Both approaches require continuous human judgment about what AI can and cannot do — judgment that the study shows even experienced BCG consultants frequently get wrong. The frontier is also expanding and shifting over time, meaning that static rules for when to trust AI become obsolete. Only ongoing critical evaluation — reading AI outputs with the same rigor one would apply to any text making empirical claims — can navigate it reliably.

Taylor and Vinauskaitė (2025) surveyed 606 learning and development practitioners across 53 countries and found a ~23% quality reduction for tasks outside the frontier, mirroring the BCG findings.
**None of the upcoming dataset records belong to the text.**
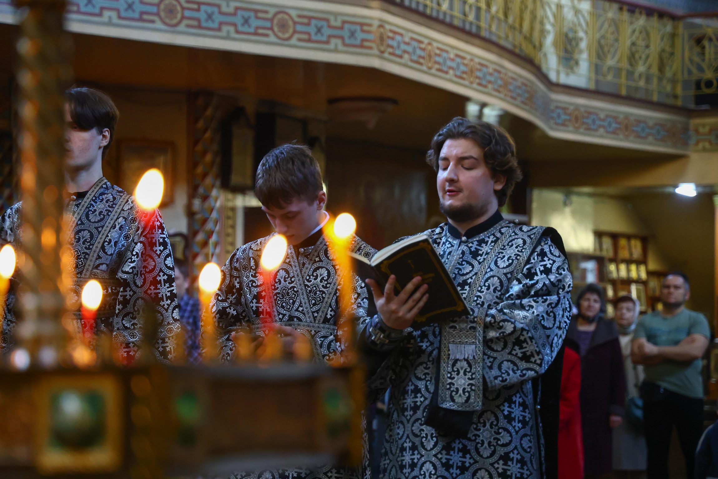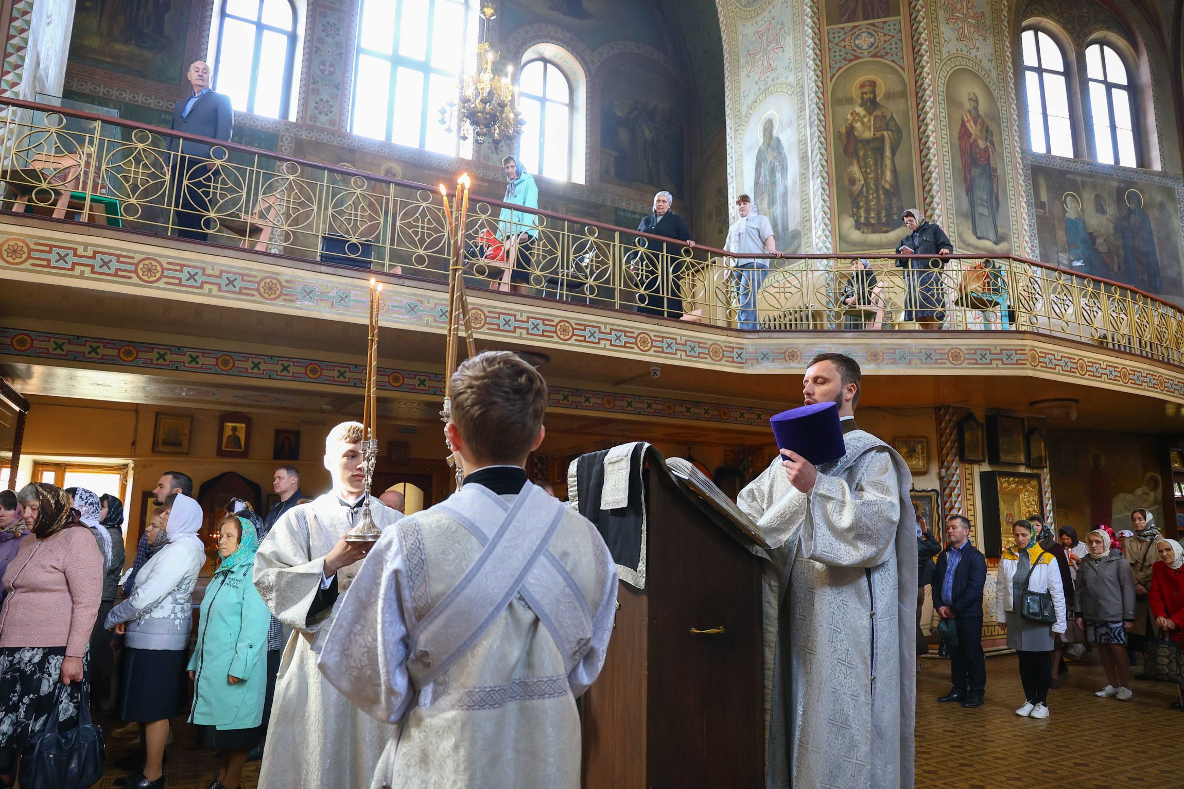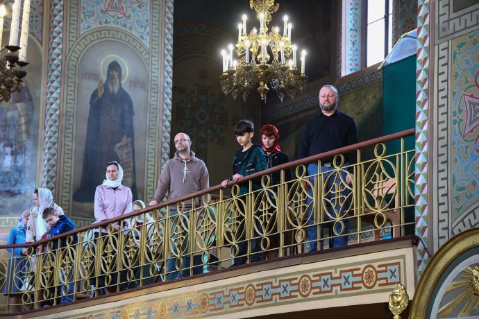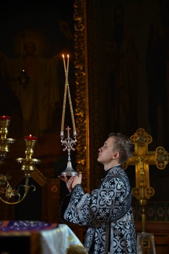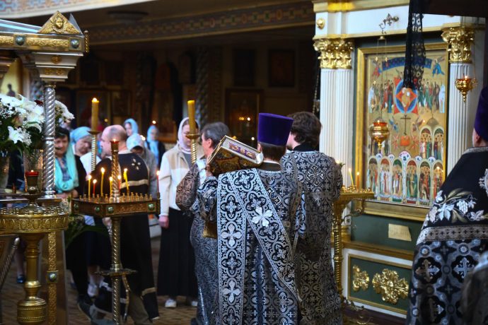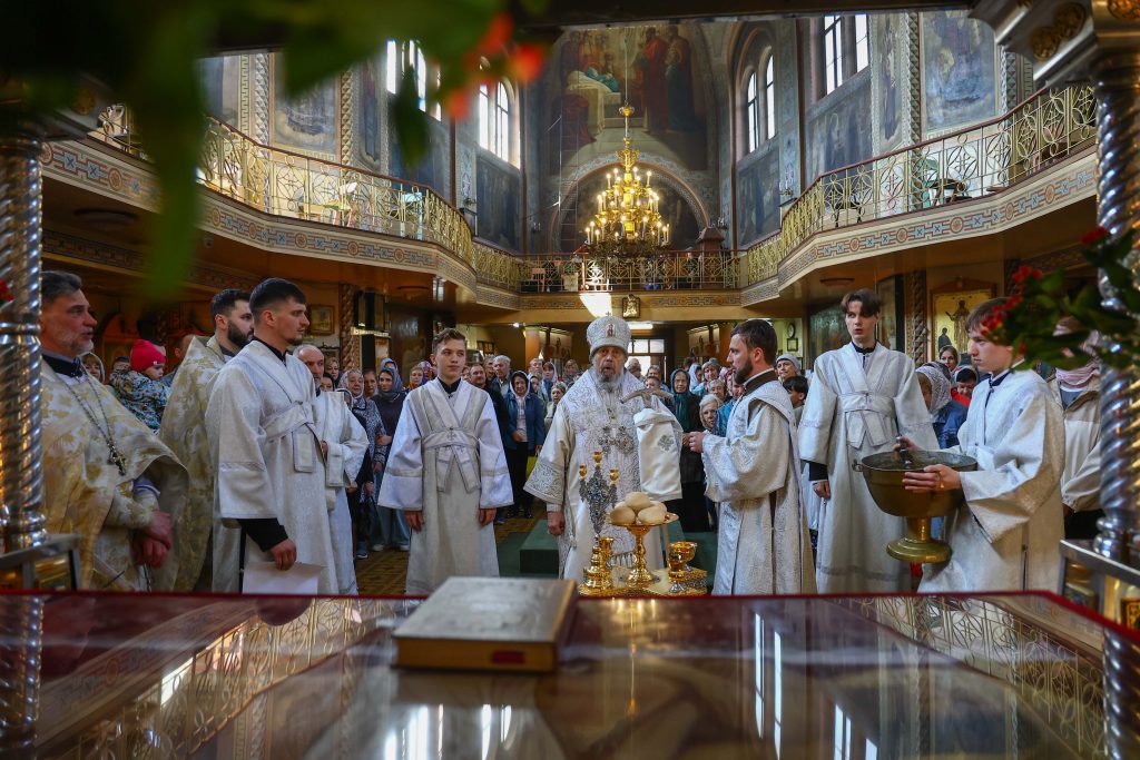 На сугубой ектении вознесены молитвы о благопоспешении христолюбивому Российскому воинству в установлении мира в сию лихую годину, на Святую Русь нашедшую, о мире на Украине, а также о сохранении единства святого Православия.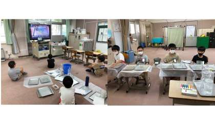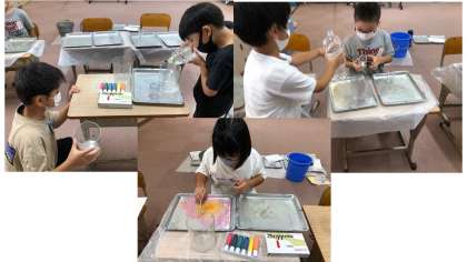 動画を見て,やり方が分かった後,水2デシリットルを測って,お盆に注ぎました。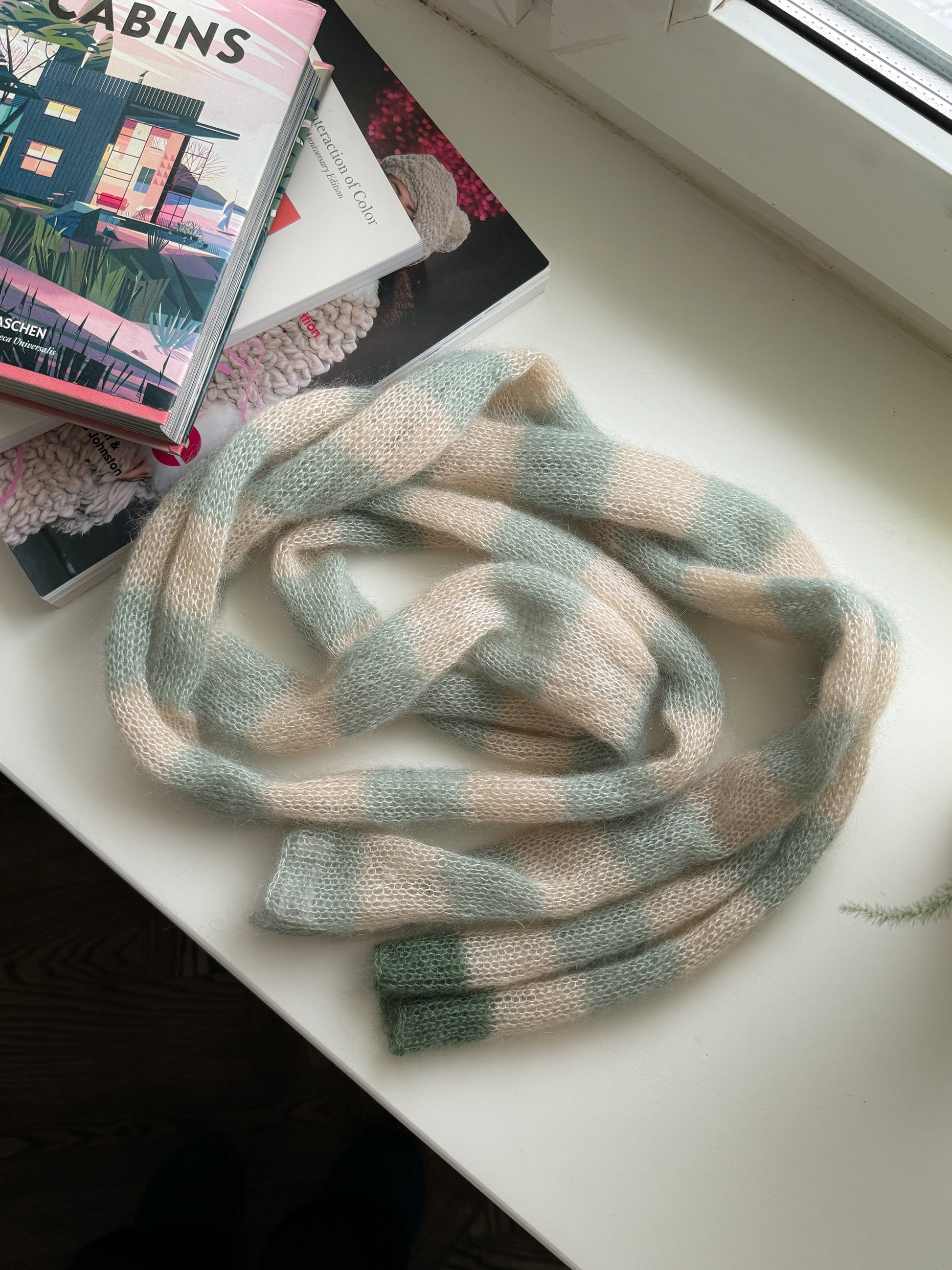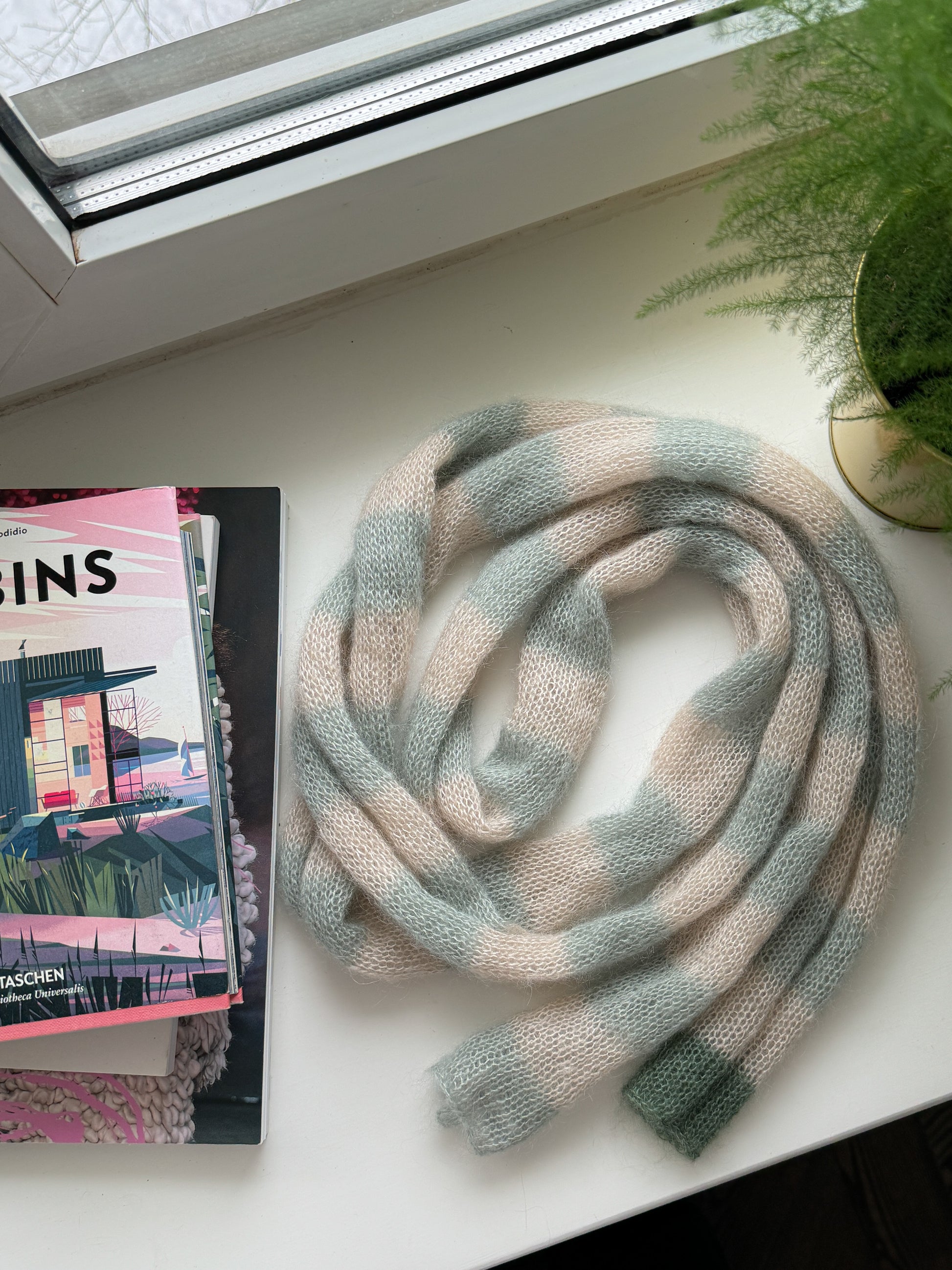Skinny mohair scarf sand and sage stripes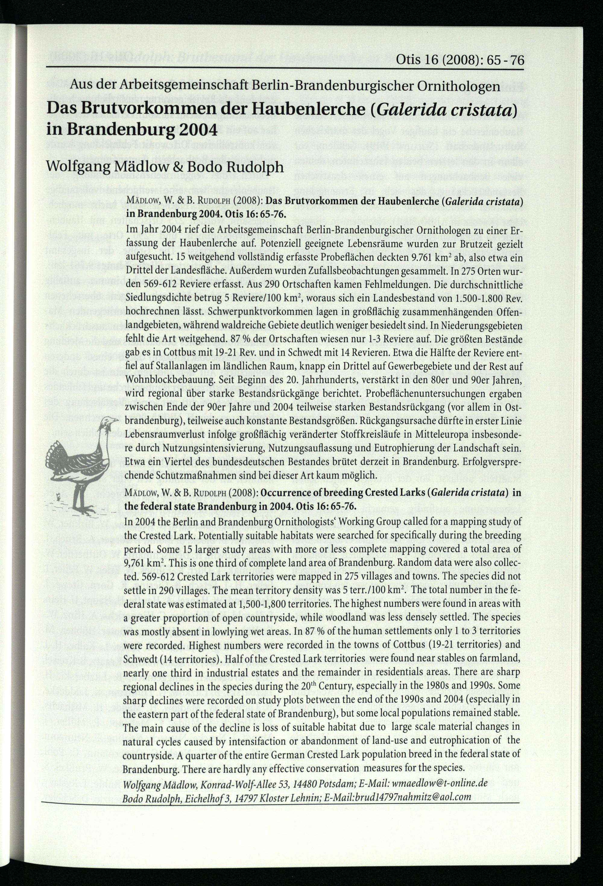 Mädlow, Wolfgang/ Rudolph, Bodo, Das Brutvorkommen der Haubenlerche (Galerida cristata)...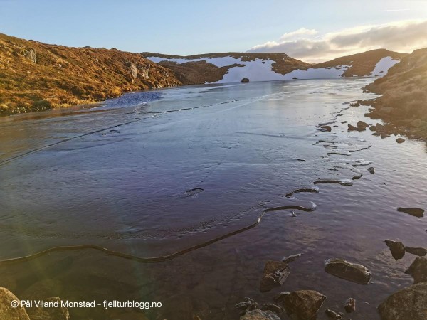 Enda et lite vann med is. Vi passerer utløpet på en liten demning.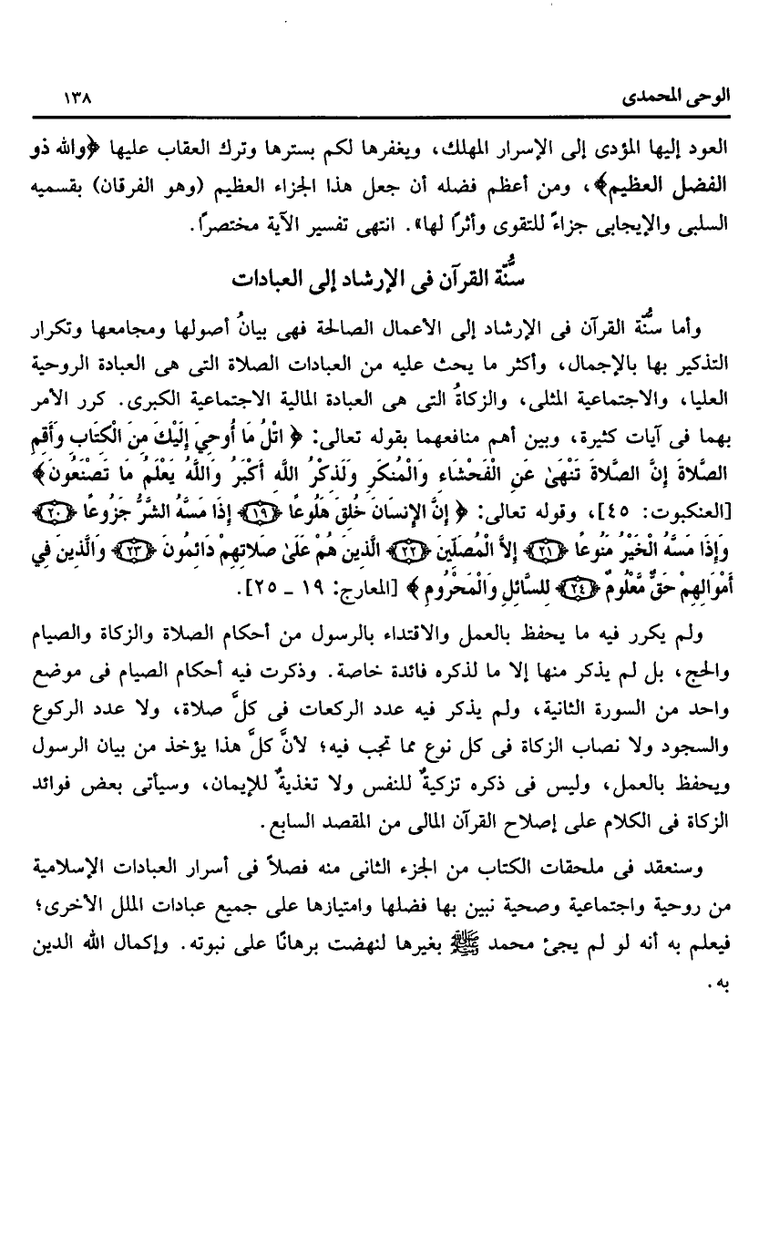 وأما سنّة القرآن فى الإرشاد إلى الأعمال الصالحة فهى بيان أصولها ومجامعها وتكرار التذكير بها بالإجمال، وأكثر ما يحث عليه من العبادات الصلاة التى هى العبادة الروحية العليا، والاجتماعية المثلى، والزكاة التى هى العبادة المالية الاجتماعية الكبرى. كرر الأمر بهما فى آيات كثيرة، وبين أهم منافعهما بقوله تعالى: اتْلُ ما أُوحِيَ إِلَيْكَ مِنَ الْكِتابِ وَأَقِمِ الصَّلاةَ إِنَّ الصَّلاةَ تَنْهى عَنِ الْفَحْشاءِ وَالْمُنْكَرِ وَلَذِكْرُ اللَّهِ أَكْبَرُ وَاللَّهُ يَعْلَمُ ما تَصْنَعُونَ [العنكبوت: 45]، وقوله تعالى: إِنَّ الْإِنْسانَ خُلِقَ هَلُوعاً (19) إِذا مَسَّهُ الشَّرُّ جَزُوعاً (20) وَإِذا مَسَّهُ الْخَيْرُ مَنُوعاً (21) إِلَّا الْمُصَلِّينَ (22) الَّذِينَ هُمْ عَلى صَلاتِهِمْ دائِمُونَ (23) وَالَّذِينَ فِي أَمْوالِهِمْ حَقٌّ مَعْلُومٌ (24) لِلسَّائِلِ وَالْمَحْرُومِ [المعارج: 19 - 25].

The paper has accumulated 284+ citations and was published in Organization Science (INFORMS), one of the top management science journals.


Conclusion

I don't think it can be denied: the rise of LLMs increases rather than decreases the economic value of humanities skills. Prompt sensitivity research shows that linguistic precision produces performance gains of 13–76%. Hallucination research demonstrates that fluent AI text is wrong often enough—half or more of the time in some domains—to make critical reading an essential professional capability. Productivity studies consistently find that AI access without human judgment degrades rather than improves performance. Historical precedent shows that automation elevates demand for higher-order cognitive skills. "Prompt engineering" in practice isn't an engineering skill, it's an application of humanities training in rhetoric, logic, and clear writing.

If you want to think of it in terms of AI jargon, the "jagged frontier" brings it all together: because AI's failure modes are unpredictable and do not correlate with perceived task difficulty, the ability to read critically, think analytically, and exercise domain-informed judgment is the binding constraint on whether AI creates value or destroys it. In a production chain where AI raises the quality of many links, the marginal value of each remaining human contribution—judgment, interpretation, ethical reasoning—rises multiplicatively. It's no surprise the economists who study automation and the computer scientists who study LLMs are converging on the same conclusion: the skills that humanities departments teach are becoming more valuable, not less.